| Dataset records |
▬▬▬
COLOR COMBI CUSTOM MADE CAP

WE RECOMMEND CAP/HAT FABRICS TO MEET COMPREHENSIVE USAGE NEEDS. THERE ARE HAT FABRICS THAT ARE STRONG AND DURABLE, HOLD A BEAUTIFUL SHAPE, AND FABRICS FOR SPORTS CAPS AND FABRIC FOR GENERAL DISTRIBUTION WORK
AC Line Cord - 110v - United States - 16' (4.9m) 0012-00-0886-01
▬▬▬
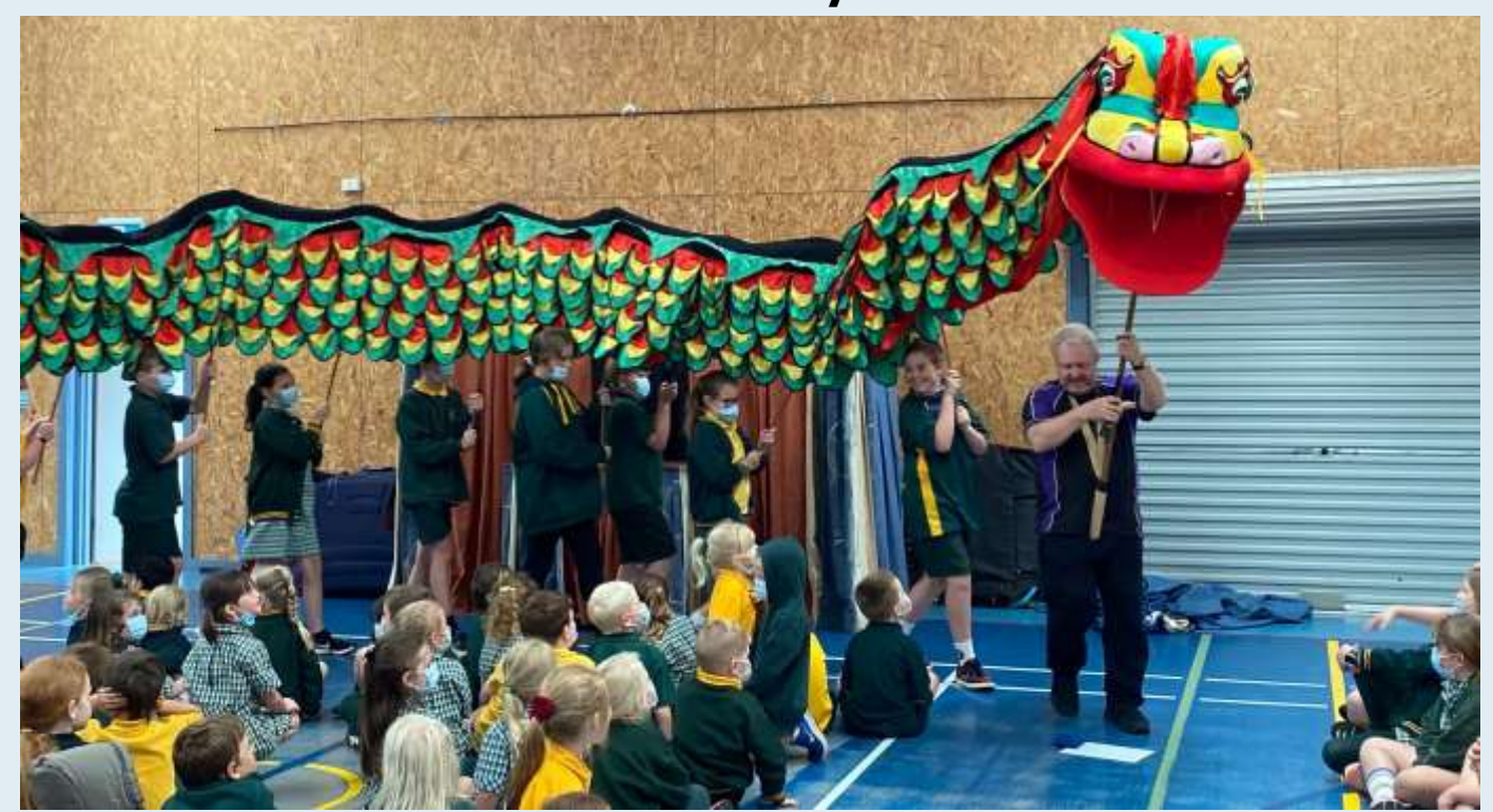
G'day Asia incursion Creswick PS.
▬▬▬
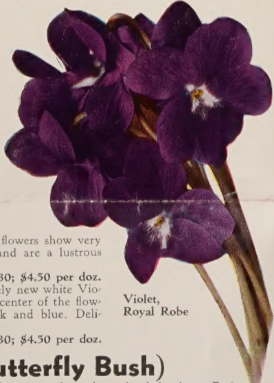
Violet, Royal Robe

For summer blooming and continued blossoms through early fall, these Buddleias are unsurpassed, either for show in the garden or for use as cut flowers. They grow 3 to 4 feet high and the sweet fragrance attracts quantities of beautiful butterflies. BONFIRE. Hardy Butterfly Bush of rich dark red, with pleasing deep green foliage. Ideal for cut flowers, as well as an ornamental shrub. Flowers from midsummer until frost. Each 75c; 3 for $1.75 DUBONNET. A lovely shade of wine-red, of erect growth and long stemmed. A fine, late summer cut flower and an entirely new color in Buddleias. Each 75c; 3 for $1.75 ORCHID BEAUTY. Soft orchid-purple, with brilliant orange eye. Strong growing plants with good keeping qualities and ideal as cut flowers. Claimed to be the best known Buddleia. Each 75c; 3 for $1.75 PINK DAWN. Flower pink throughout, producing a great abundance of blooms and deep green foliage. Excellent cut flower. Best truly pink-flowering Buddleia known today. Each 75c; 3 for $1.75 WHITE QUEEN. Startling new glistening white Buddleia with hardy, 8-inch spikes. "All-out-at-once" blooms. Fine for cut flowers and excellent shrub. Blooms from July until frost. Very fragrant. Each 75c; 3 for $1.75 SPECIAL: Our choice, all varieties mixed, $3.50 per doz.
▬▬▬
Go to the line in the material above that contains "WE RECOMMEND CAP/HAT" and copy exactly from there through the line that contains "AC Line Cord", stopping after it.

| Response to the task |
WE RECOMMEND CAP/HAT FABRICS TO MEET COMPREHENSIVE USAGE NEEDS. THERE ARE HAT FABRICS THAT ARE STRONG AND DURABLE, HOLD A BEAUTIFUL SHAPE, AND FABRICS FOR SPORTS CAPS AND FABRIC FOR GENERAL DISTRIBUTION WORK
AC Line Cord - 110v - United States - 16' (4.9m) 0012-00-0886-01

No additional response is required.